━━ Exercise data

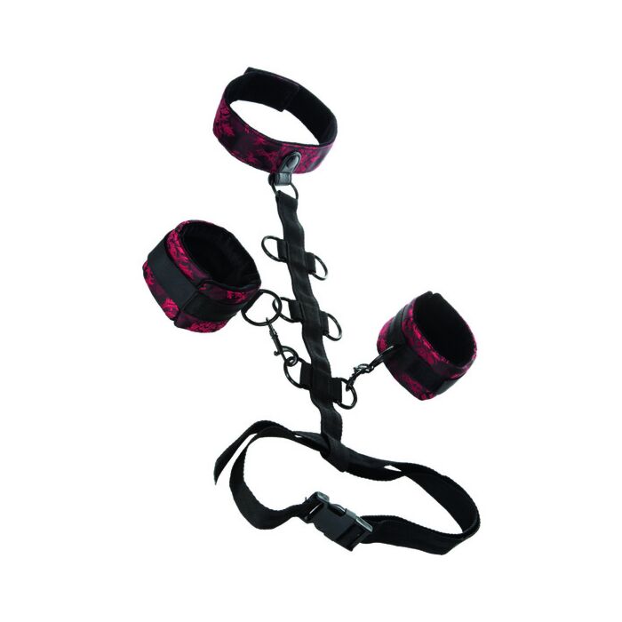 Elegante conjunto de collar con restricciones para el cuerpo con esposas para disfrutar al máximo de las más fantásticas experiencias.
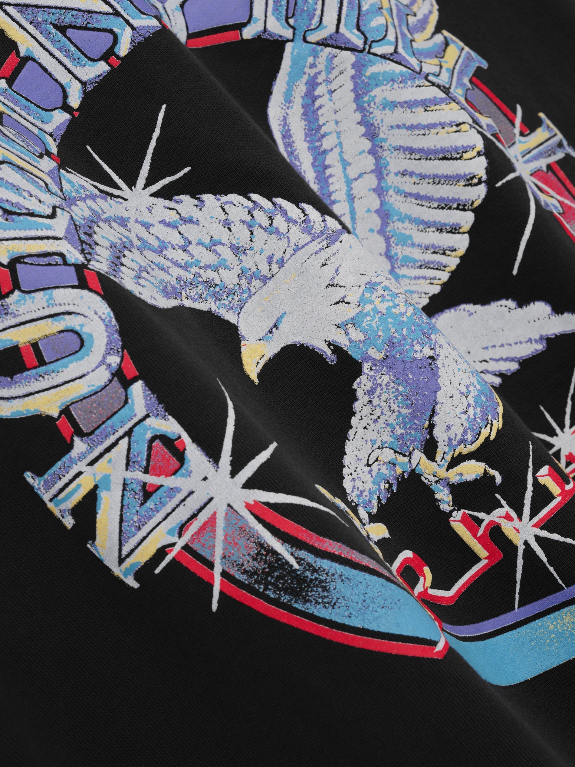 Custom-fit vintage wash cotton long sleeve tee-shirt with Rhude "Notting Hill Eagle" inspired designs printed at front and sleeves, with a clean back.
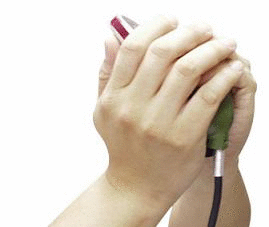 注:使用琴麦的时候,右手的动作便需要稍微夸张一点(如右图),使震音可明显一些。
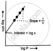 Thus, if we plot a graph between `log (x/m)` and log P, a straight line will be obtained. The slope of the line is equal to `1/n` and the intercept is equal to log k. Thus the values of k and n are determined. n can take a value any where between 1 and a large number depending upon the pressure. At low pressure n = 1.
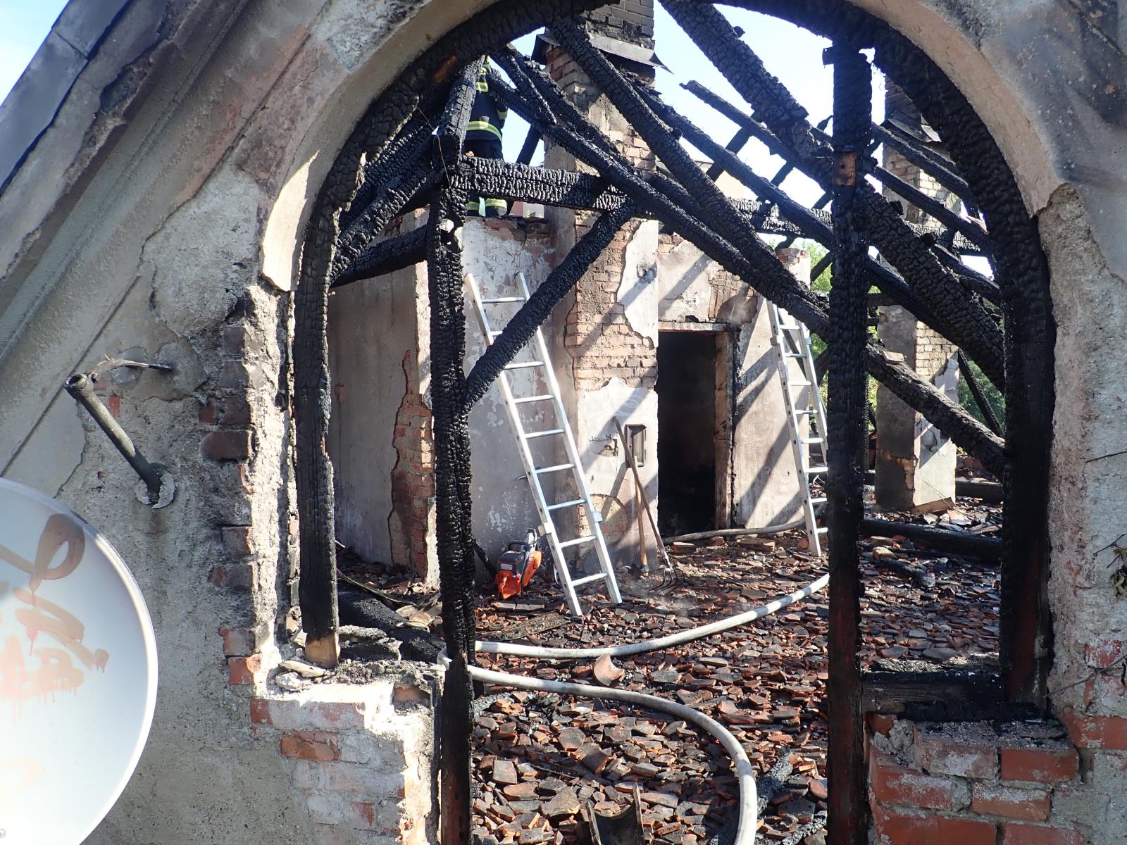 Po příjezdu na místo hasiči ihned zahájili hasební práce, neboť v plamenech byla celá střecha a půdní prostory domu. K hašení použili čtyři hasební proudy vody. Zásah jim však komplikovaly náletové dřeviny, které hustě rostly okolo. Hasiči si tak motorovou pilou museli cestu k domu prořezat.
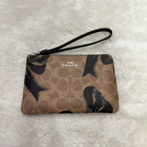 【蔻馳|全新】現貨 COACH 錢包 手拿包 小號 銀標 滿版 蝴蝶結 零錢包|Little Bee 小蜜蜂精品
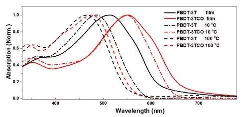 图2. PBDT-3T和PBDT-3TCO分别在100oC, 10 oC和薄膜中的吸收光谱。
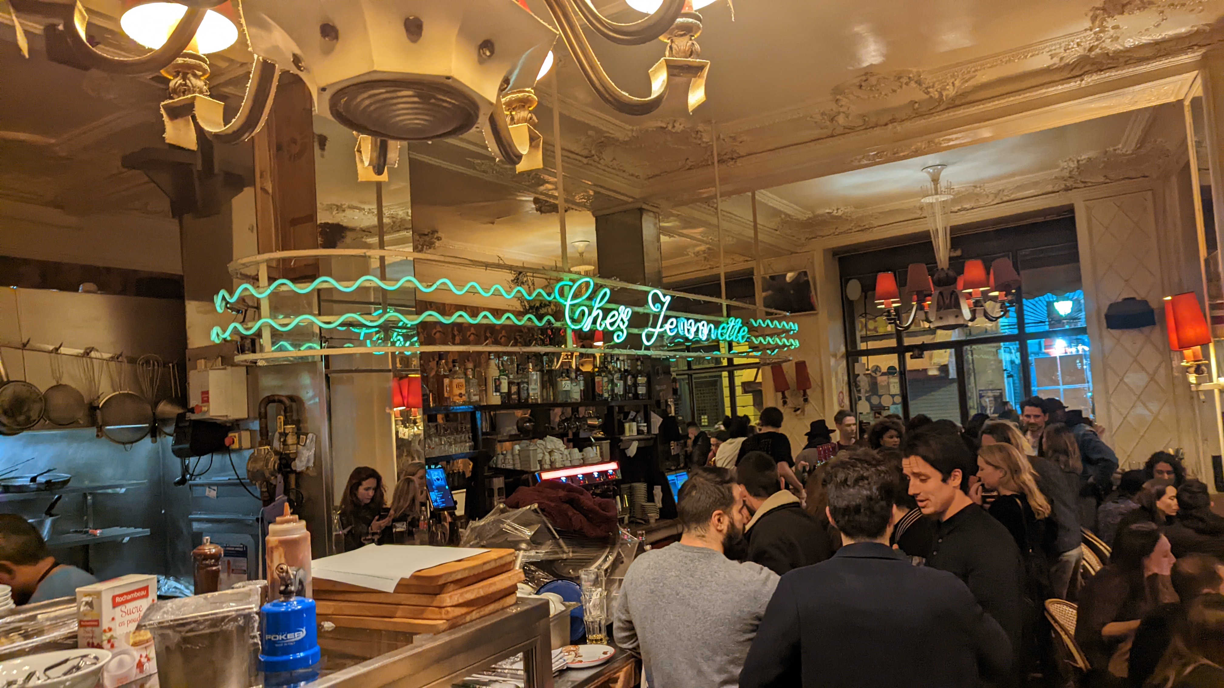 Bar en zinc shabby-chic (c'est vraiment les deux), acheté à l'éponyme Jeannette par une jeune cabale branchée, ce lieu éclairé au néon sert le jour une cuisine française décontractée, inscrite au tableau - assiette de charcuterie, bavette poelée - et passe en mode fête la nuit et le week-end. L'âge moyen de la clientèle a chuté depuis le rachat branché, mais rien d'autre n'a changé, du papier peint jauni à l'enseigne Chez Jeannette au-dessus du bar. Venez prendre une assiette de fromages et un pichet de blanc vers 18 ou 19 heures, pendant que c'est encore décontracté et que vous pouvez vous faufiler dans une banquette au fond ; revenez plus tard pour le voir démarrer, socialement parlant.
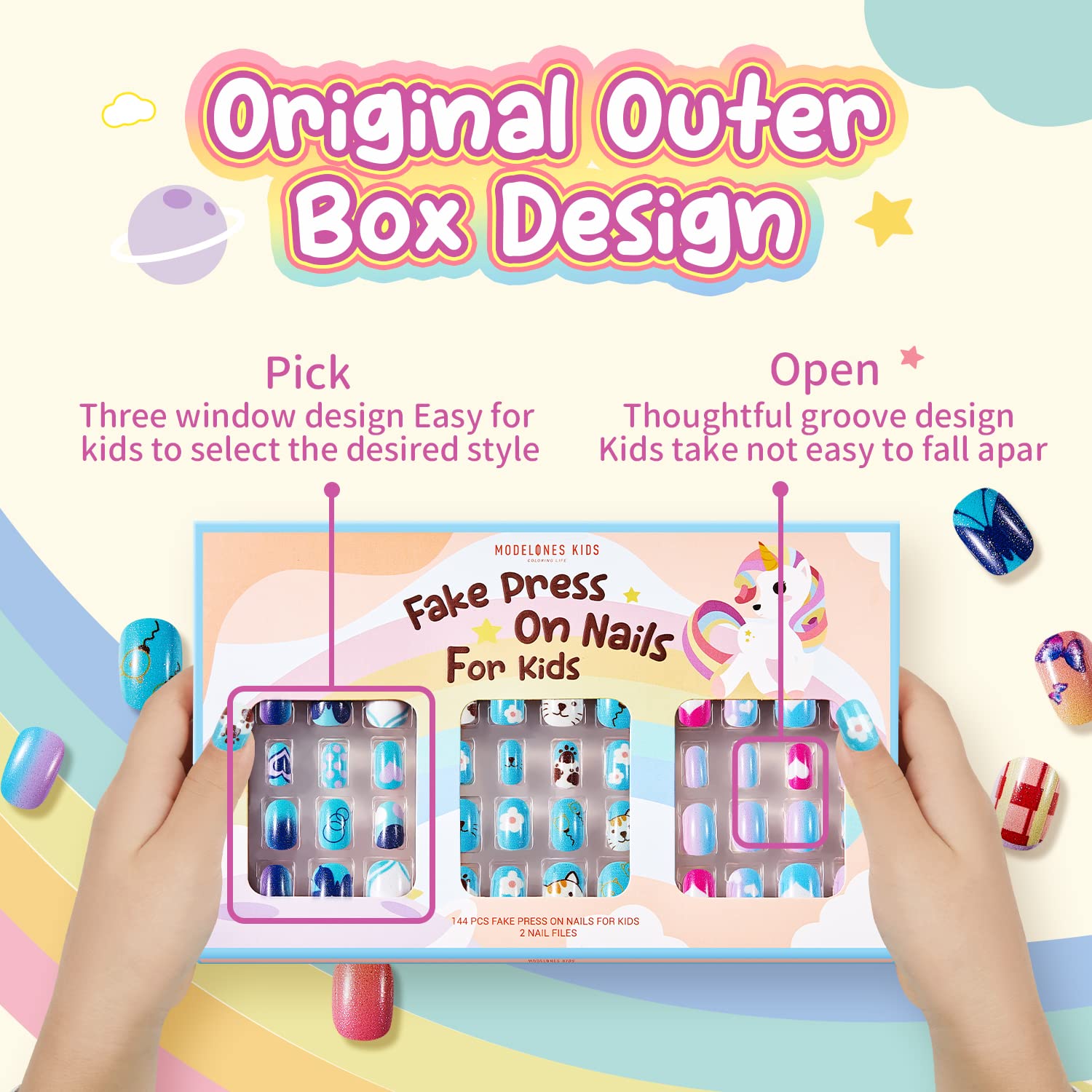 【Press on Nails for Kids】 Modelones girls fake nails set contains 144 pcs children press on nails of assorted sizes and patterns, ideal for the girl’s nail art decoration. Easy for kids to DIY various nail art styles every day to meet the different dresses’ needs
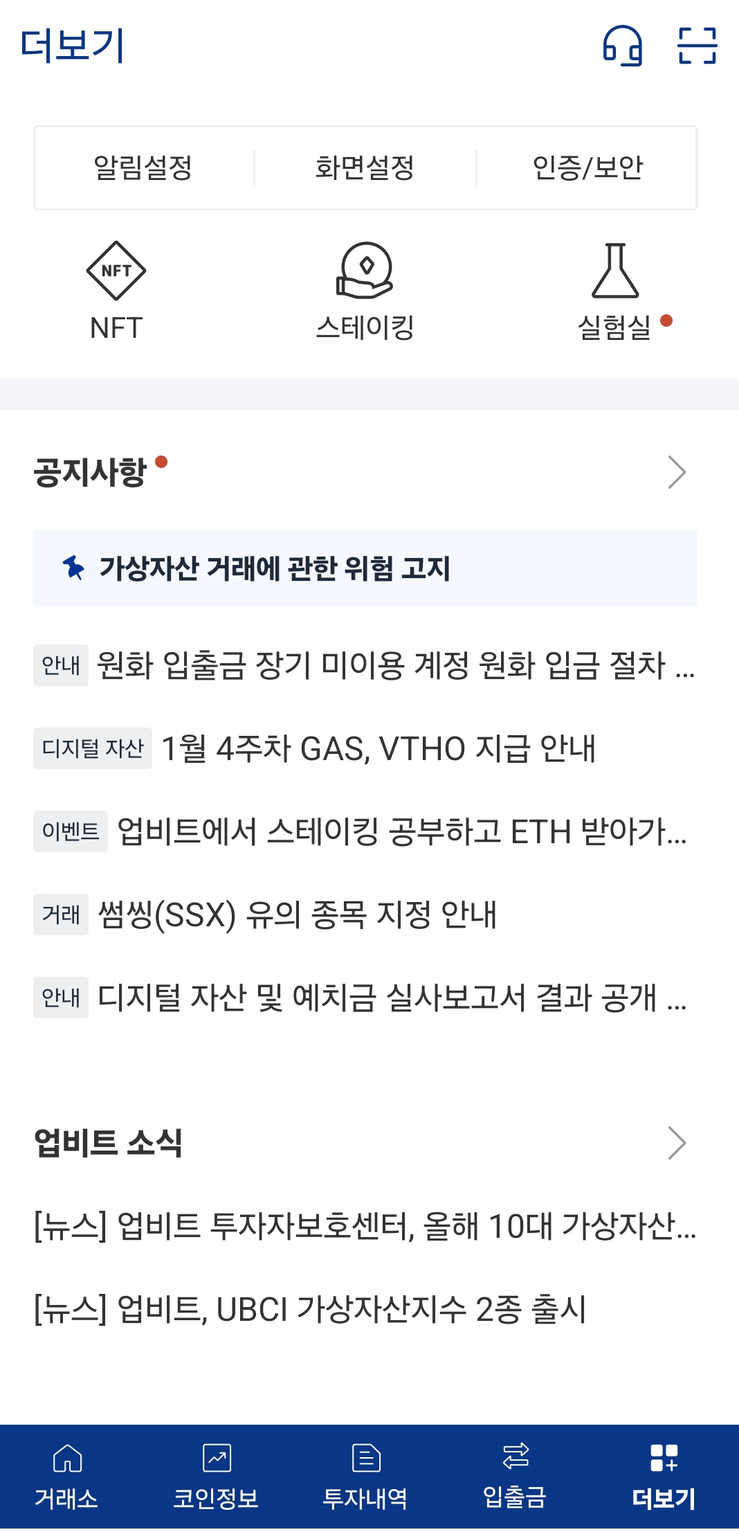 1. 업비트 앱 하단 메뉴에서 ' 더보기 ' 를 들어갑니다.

━━━━

__What to do__: Copy all of the records verbatim, omitting the pictures.

__Answer below__:
 Elegante conjunto de collar con restricciones para el cuerpo con esposas para disfrutar al máximo de las más fantásticas experiencias.
 Custom-fit vintage wash cotton long sleeve tee-shirt with Rhude "Notting Hill Eagle" inspired designs printed at front and sleeves, with a clean back.
 注:使用琴麦的时候,右手的动作便需要稍微夸张一点(如右图),使震音可明显一些。
 Thus, if we plot a graph between `log (x/m)` and log P, a straight line will be obtained. The slope of the line is equal to `1/n` and the intercept is equal to log k. Thus the values of k and n are determined. n can take a value any where between 1 and a large number depending upon the pressure. At low pressure n = 1.
 Po příjezdu na místo hasiči ihned zahájili hasební práce, neboť v plamenech byla celá střecha a půdní prostory domu. K hašení použili čtyři hasební proudy vody. Zásah jim však komplikovaly náletové dřeviny, které hustě rostly okolo. Hasiči si tak motorovou pilou museli cestu k domu prořezat.
 【蔻馳|全新】現貨 COACH 錢包 手拿包 小號 銀標 滿版 蝴蝶結 零錢包|Little Bee 小蜜蜂精品
 图2. PBDT-3T和PBDT-3TCO分别在100oC, 10 oC和薄膜中的吸收光谱。
 Bar en zinc shabby-chic (c'est vraiment les deux), acheté à l'éponyme Jeannette par une jeune cabale branchée, ce lieu éclairé au néon sert le jour une cuisine française décontractée, inscrite au tableau - assiette de charcuterie, bavette poelée - et passe en mode fête la nuit et le week-end. L'âge moyen de la clientèle a chuté depuis le rachat branché, mais rien d'autre n'a changé, du papier peint jauni à l'enseigne Chez Jeannette au-dessus du bar. Venez prendre une assiette de fromages et un pichet de blanc vers 18 ou 19 heures, pendant que c'est encore décontracté et que vous pouvez vous faufiler dans une banquette au fond ; revenez plus tard pour le voir démarrer, socialement parlant.
 【Press on Nails for Kids】 Modelones girls fake nails set contains 144 pcs children press on nails of assorted sizes and patterns, ideal for the girl’s nail art decoration. Easy for kids to DIY various nail art styles every day to meet the different dresses’ needs
 1. 업비트 앱 하단 메뉴에서 ' 더보기 ' 를 들어갑니다.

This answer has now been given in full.